Monday, June 24, 2013
Book Review: Z: A Novel of Zelda Fitzgerald by Therese Anne Fowler
Author: Therese Anne Fowler
Enjoyment Rating: ***
This book would be rated: PG-13 for general debauchery
As a former English major and English teacher, I thought I knew about Scott and Zelda Fitzgerald. I'd read some of his novels and A Moveable Feast, after all. They were rich and wild and talented and crazy-- the poster children for the 1920s flappers. But reading Z demonstrated just how little I knew about the Fitzgeralds, and how it may be difficult for anyone to know about the intimacies of someone else's marriage.
Z starts out when Zelda is about to graduate from high school and follows the trajectory of her life until Scott's death about twenty years later. It really zones in on the early years of her marriage when everything was bright and shiny and the couple could blow through forty or fifty thousand dollars like it was nothing.

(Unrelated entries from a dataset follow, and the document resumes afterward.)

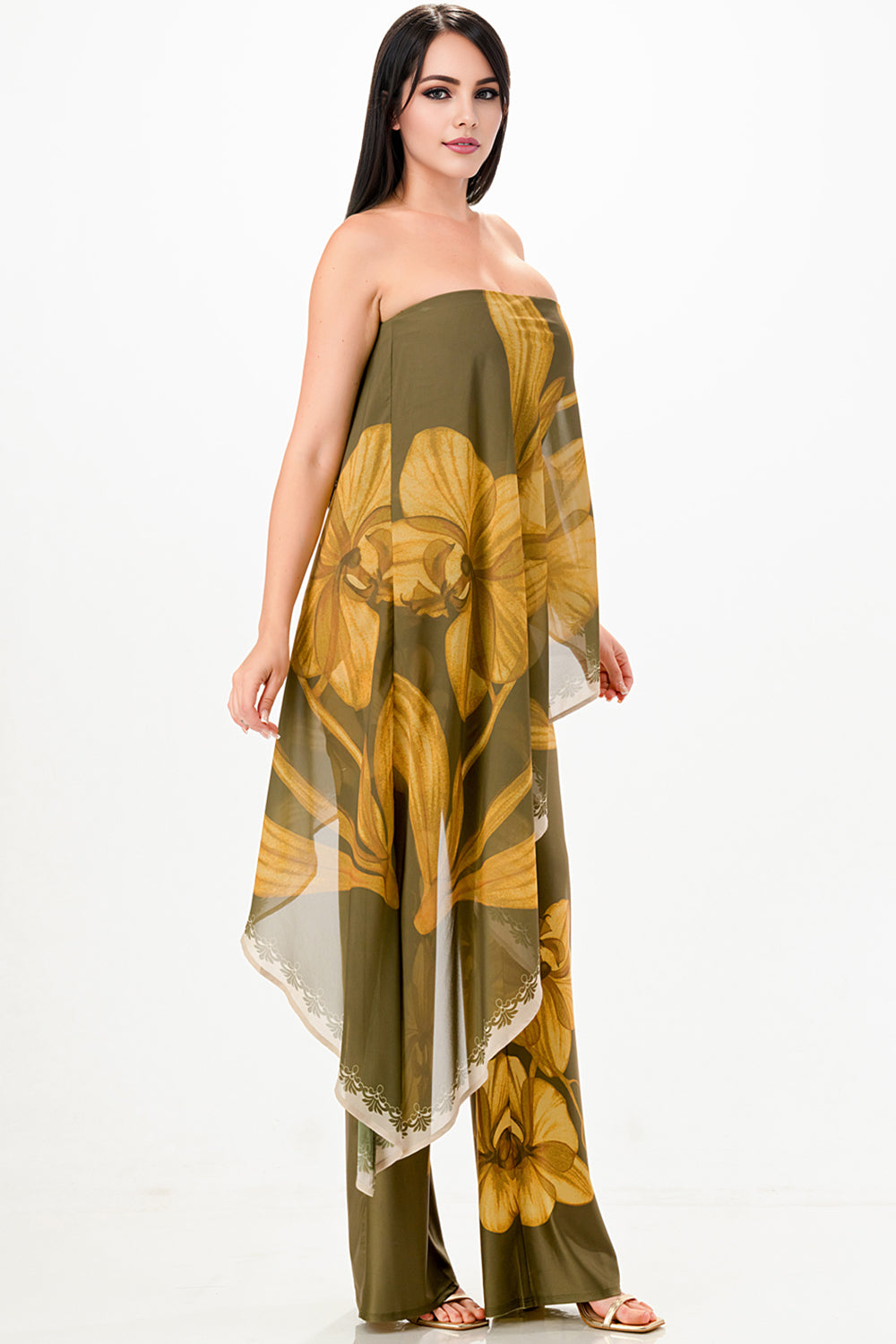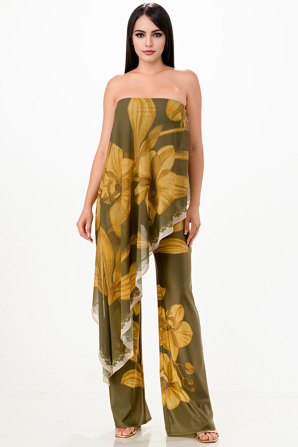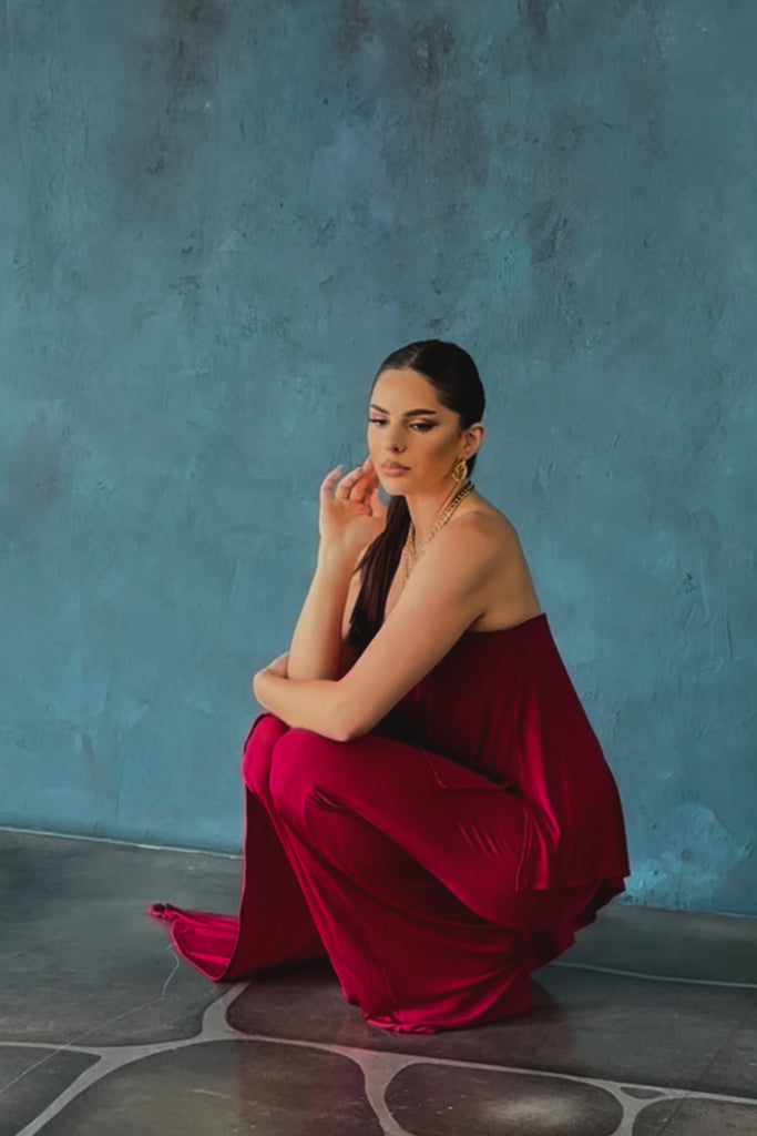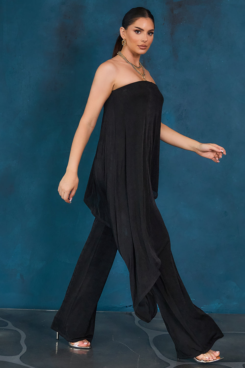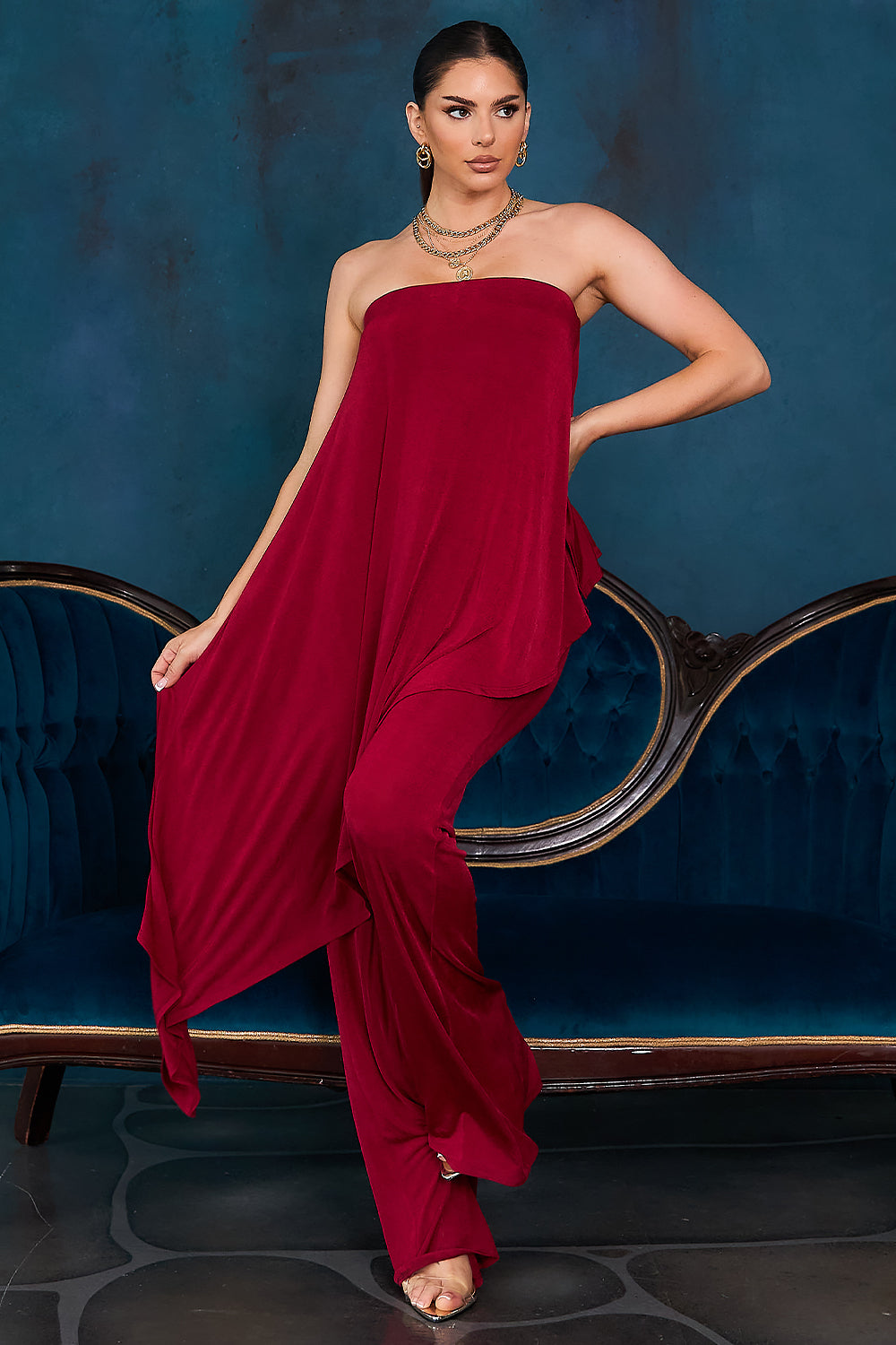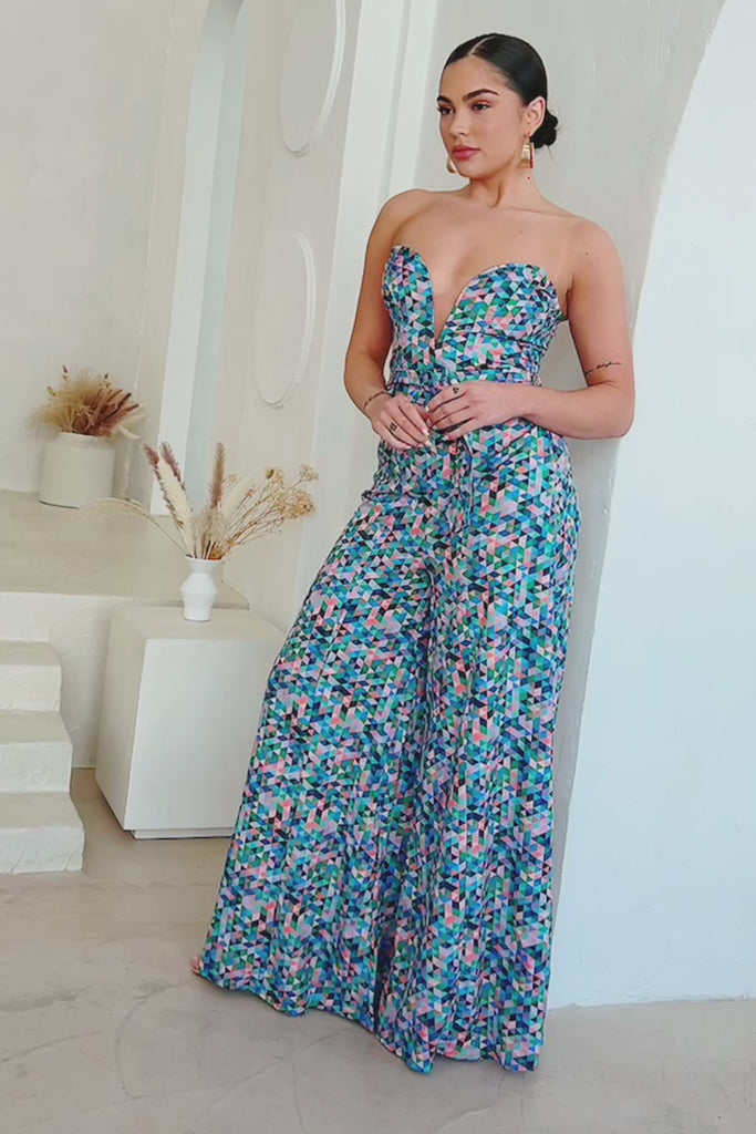 Strapless Deep V Bustier Style Wide Leg Jumpsuit
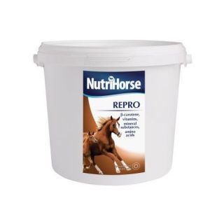 betakarotenu i witaminy E wspomaga płodność u koni hodowlanych oraz stymuluje krótszą, ale intensywniejszą ruję u klaczy. Beta-karoten ma pozytywny wpływ na funkcjonowanie jajników, wywołuje krótsze i intensywniejsze ruje, pozytywnie wpływa na płodność klaczy i wespół z witaminą E na utrzymanie ciąży, zapewnia optymalną sprawność reprodukcyjną ogierów i zwiększa witalność źrebiąt. Zespół witamin z grupy B zwiększa intensywność przemian metabolicznych u klaczy w zaawansowanej ciąży i karmiących oraz ogierów w okresie reprodukcji. Tauryna to aminokwas znajdujący się w mleku klaczy i zapewniający optymalny wzrost i rozwój źrebiąt. Tauryna wspomaga także system immunologiczny i sercowo-naczyniowy klaczy i źrebiąt. Karma zawiera naturalny przeciwutleniacz z rozmarynu. Codzienne podawanie karmy uzupełniającej NutriHorse REPRO w zalecanych dawkach zapewnia dobry stan zdrowia koni, pozytywnie wpływa na zaźrebianie oraz przebieg ciąży i laktacji u klaczy. Karma uzupełniająca nie zawiera wszystkich niezbędnych witamin i substancji mineralnych, i dlatego wskazane jest podawanie jej wespół z NutriHorse STANDARD w okresach reprodukcji.
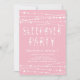 Festa de aniversário de sono com uma fonte de estrela cintilante colocada sobre um fundo cor-de-rosa adornada com uma estrela branca. Sacudir nosso convite moderno para ver uma coordenação de volta para um toque especial extra.
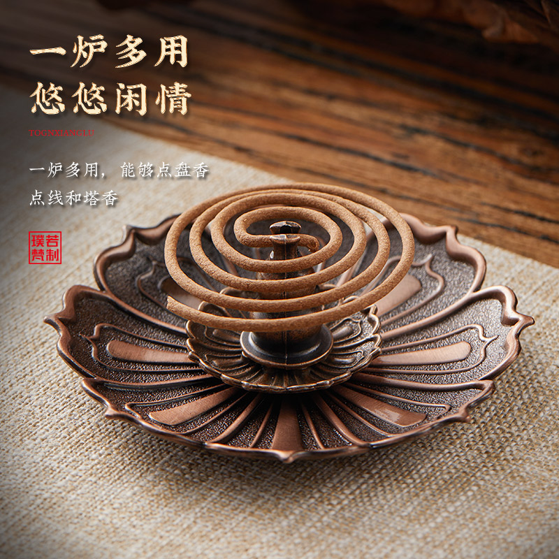 Pu Ruo Fan Lotus incense plate incense seat reclining incense stick copper incense burner Agarwood sandalwood incense home room for Buddha
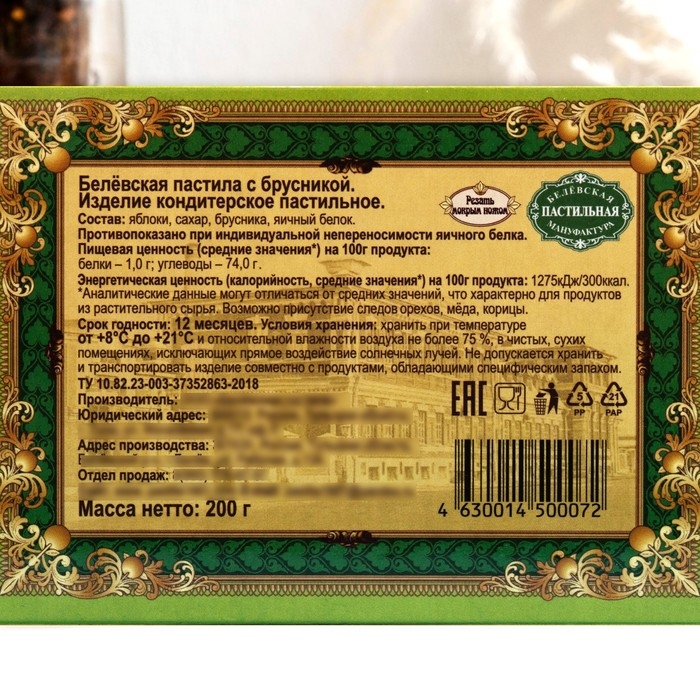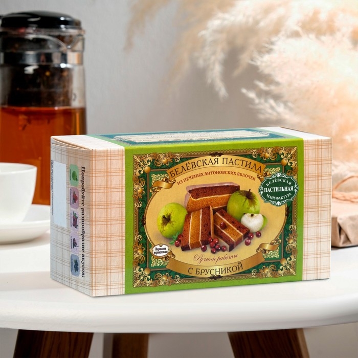 Состав: яблоки, брусника, сахар, яичный белок.
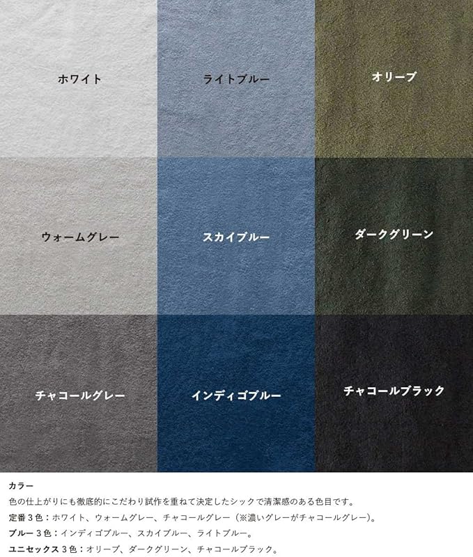 【注意】使用中パイル糸が引き抜けた場合すぐに引き抜けた糸をハサミで切ってください。タオルの特性を保つため、家庭用柔軟剤のご使用はお避け下さい。

The thing that surprised me most about Z was the universality of ambition and ego. Scott reminded me so much of some of the guys I went to grad school with-- guys who were going to be WRITERS. I don't mean that there weren't women who wanted to be writers (this was an MFA program, after all), but rather than just writing, it seemed that Scott was somewhat caught up in the celebrity of what it meant to be a WRITER, to the point that actually writing became secondary. I was also struck by the way that Fowler was able to capture the way that Scott's ego increased and created a lot of the anxiety problems Zelda suffered from, and then he used those problems to justify his own bad behavior. It's been several weeks since I read the book, and now that I look back on it, what I remember most is how it was an insight into a marriage even more than an insight into Zelda herself. Which I guess is fitting, since she often felt that her marriage both brought her fame and limited her potential.